* [Task]: Instruction for the entries below: return the part that opens with the line containing "9月22日,在四川省達(dá" and closes with the line containing "El Semáforo correspondiente", exactly, and no pictures.

* [Records to use]:
*** Begin section ***
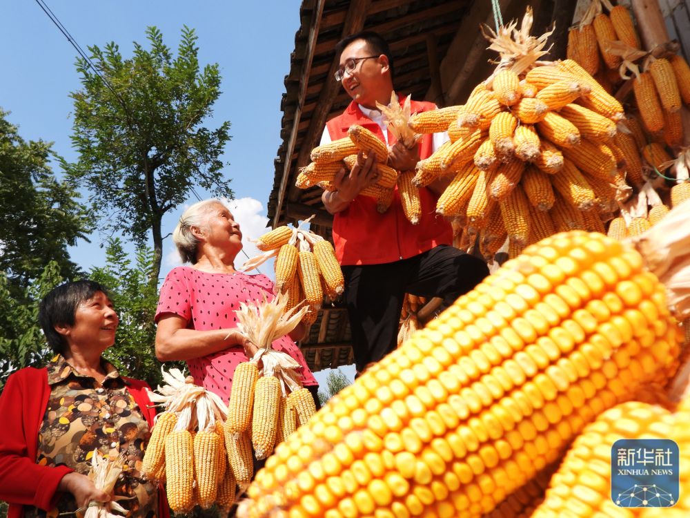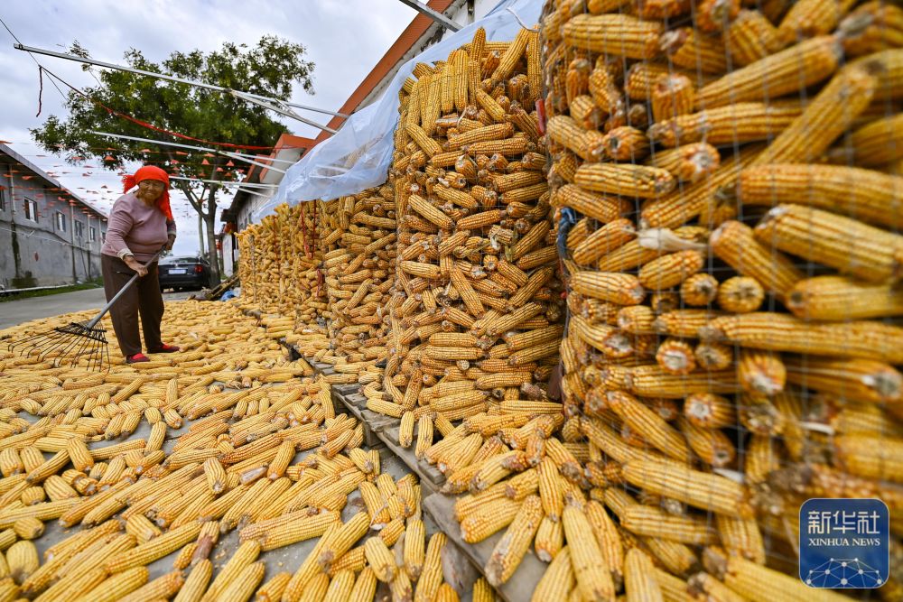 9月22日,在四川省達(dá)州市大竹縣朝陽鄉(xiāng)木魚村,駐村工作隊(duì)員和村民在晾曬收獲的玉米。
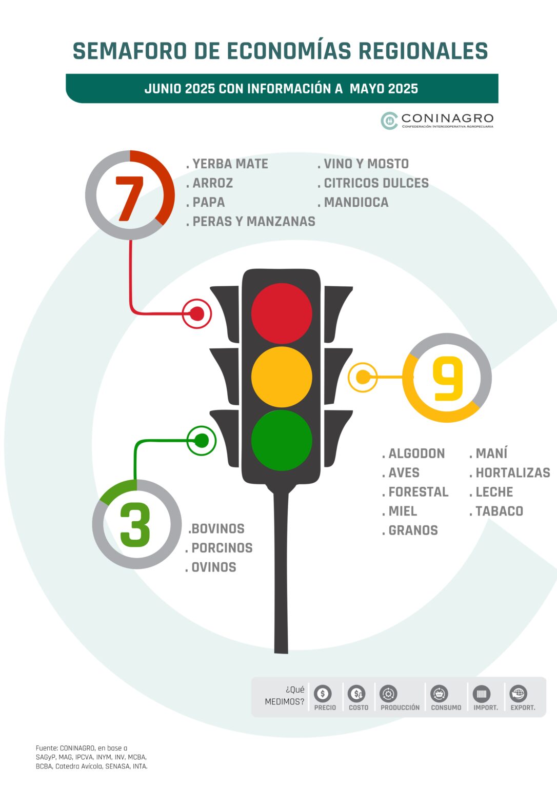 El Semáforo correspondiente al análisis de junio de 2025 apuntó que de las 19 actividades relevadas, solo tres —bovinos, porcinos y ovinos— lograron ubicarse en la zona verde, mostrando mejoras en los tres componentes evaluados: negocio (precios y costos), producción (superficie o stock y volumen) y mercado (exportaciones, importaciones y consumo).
*** End section ***
*** Begin section ***
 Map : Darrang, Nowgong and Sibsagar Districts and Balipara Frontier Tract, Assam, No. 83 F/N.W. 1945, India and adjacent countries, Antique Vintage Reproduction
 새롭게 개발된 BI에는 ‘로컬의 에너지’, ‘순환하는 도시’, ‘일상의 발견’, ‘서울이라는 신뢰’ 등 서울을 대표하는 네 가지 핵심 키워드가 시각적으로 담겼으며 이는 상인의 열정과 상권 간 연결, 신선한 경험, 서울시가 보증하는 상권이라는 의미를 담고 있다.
*** End section ***
*** Begin section ***
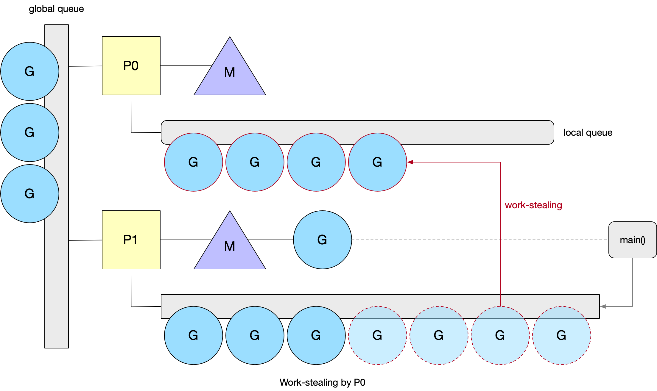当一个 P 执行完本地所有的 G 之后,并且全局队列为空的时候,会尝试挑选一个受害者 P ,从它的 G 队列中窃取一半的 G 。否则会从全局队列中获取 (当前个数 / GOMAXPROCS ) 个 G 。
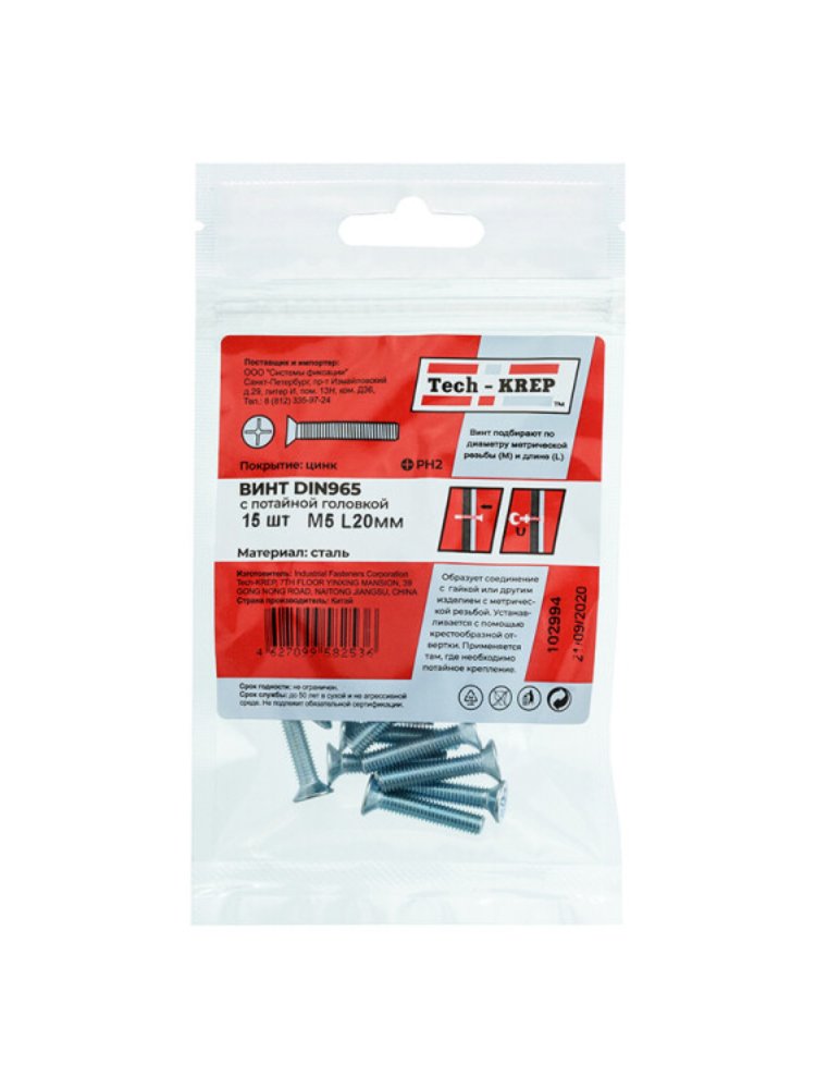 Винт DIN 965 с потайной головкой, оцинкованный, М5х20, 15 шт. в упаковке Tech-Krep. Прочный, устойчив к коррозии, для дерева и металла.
*** End section ***
* [Result of this exercise]:
 9月22日,在四川省達(dá)州市大竹縣朝陽鄉(xiāng)木魚村,駐村工作隊(duì)員和村民在晾曬收獲的玉米。
 El Semáforo correspondiente al análisis de junio de 2025 apuntó que de las 19 actividades relevadas, solo tres —bovinos, porcinos y ovinos— lograron ubicarse en la zona verde, mostrando mejoras en los tres componentes evaluados: negocio (precios y costos), producción (superficie o stock y volumen) y mercado (exportaciones, importaciones y consumo).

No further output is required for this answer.